The Group generated an operating loss of €21.8 million in 2014, compared to €11.0 million in 2013. The significant increase in the operating loss reflects the substantial commercial investments made in Europe in 2014 to transform Nicox into a commercial ophthalmic company.

The operating loss by operating segments is summarized as follows:

  EU & ROW commercial operations Non-commercial operations (R&D, admin., business development etc.) Total operating loss   Discontinued operations
  2014 2013 2014 2013 2014 2013   2014 2013
Operational Result (in million €) (10.7) (3.4) (11.1) (7.6) (21.8) (11)   (1.4) (6.8)

Total net loss for the period

Nicox recorded a net loss of €22.9 million in 2014, compared to a loss of €18.1 million in 2013. The moderate increase in the net loss in 2014, despite the significant investments made in Europe to transform Nicox into a commercial ophthalmic company, is explained by the acquisition of the US ophthalmic diagnostic business by Valeant in November 2014. As a result, the net loss pertaining to the concerned American affiliate amounted to €1.2 million in 2014 compared to €6.7 million in 2013.
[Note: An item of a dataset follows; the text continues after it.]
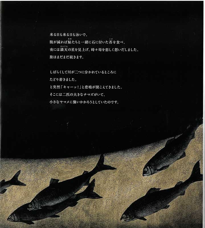 この絵本の原画は、漆塗りのパネルに絵を彫り、金粉や金

Consolidated statement of financial position

According to IFRS3 "Business combination", the year 2013 of the statement of financial position has been restated to reflect the purchase price allocation of the company Eupharmed acquired in December 2013 (renamed Nicox Farma S.r.l.).

Intangible assets totaled €10.9 million at the end of 2014 and included (i) €3.7 million corresponding to the fair-value of the Carragelose® eye drop (Xailin Viral) following its acquisition from Marinomed in September 2014 (ii) €5.4 million corresponding to the fair value of intangible assets accounted for in Nicox Farma S.r.l. following the purchase price allocation of the goodwill recognized in 2013 to acquire this company.
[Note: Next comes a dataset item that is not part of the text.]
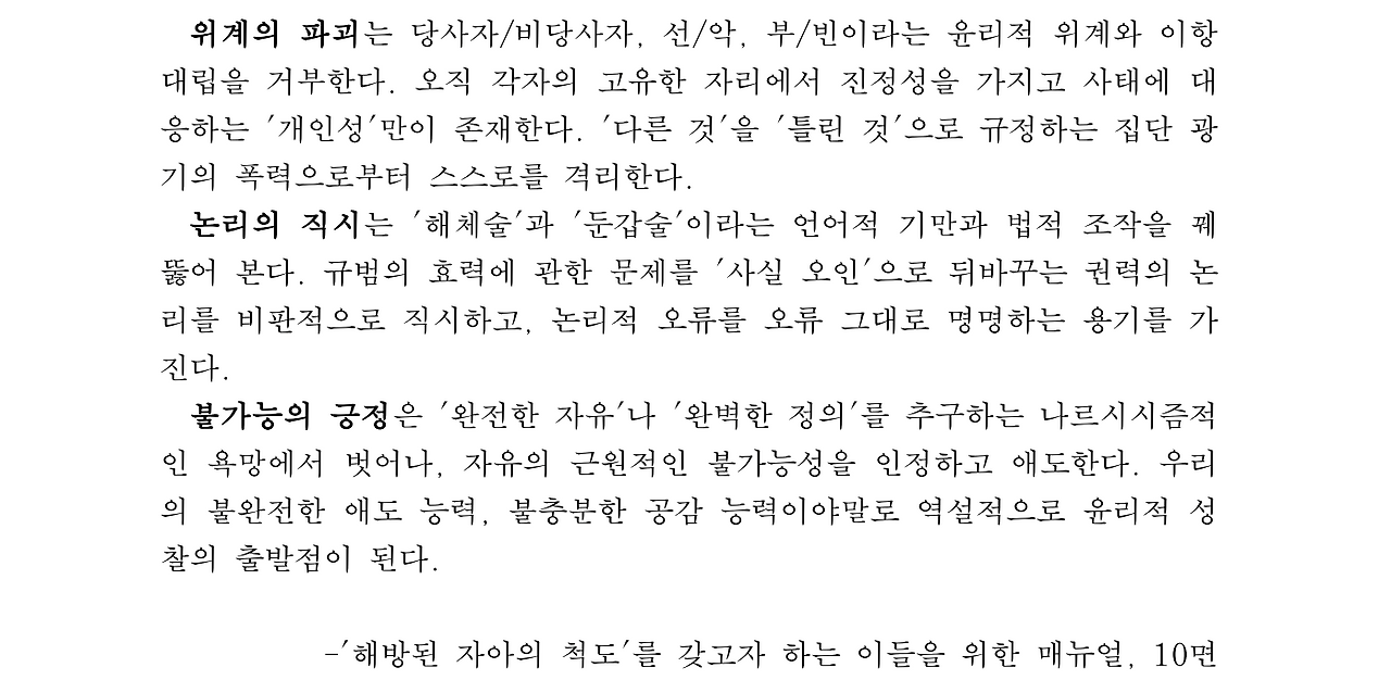 그렇다면 진정한 자유는 '자유를 획득하려는 투쟁'에서 시작되는 것이 아니라, '완전한 자유의 불가능성'을 인정하고 애도하는 행위에서 비롯된다고도 볼 수 있을 것이다. 우리의 나르시시즘적인 태도, 즉 '무제 시민으로서, 나는 충분히 이성적이니 자유로울 수 있다'는 오만을 버리고, 자유의 불가능성을 깊이 체감하게 되었을 때, 그래야만 비로소 '더 나은 자유'를 향한 위계적이고 경쟁적인 논의에서 벗어날 수 있을 것이다.(오디오로그 끄는 소리)

Goodwill amounted to €80.7 million in 2014 compared to €2.0 million in 2013 and is summarized as follows: €4.5 million corresponding to the acquisition of Doliage laboratories in September 2014; €2 million corresponding to Nicox Farma S.r.l. residual goodwill after the purchase price allocation; €74.2 million corresponding to the acquisition of Aciex Inc in October 2014 including the fair value of an earn-out of €19.7 million. The earn-out is subject to the achievement of certain regulatory objectives by Aciex. In 2013, the goodwill of €2.0 million was linked to the acquisition of Eupharmed.

On December 31, 2014, the Group's cash, cash equivalents and financial instruments were €32.0 million, compared to €58.4 million on December 31, 2013.

Deferred taxes amounted to €1,5 million in 2014 and 2013 and correspond to the deferred taxes on intangible assets recognized on Nicox Farma S.r.l. following the allocation of the purchase price paid to acquire this company in December 2013.

Non-current financial debt amounted to €15.9 million in 2014 against €0 million in 2013 and mainly corresponds to the fair value of the earn-out to pay to the former shareholders of Aciex at the end of December 2014.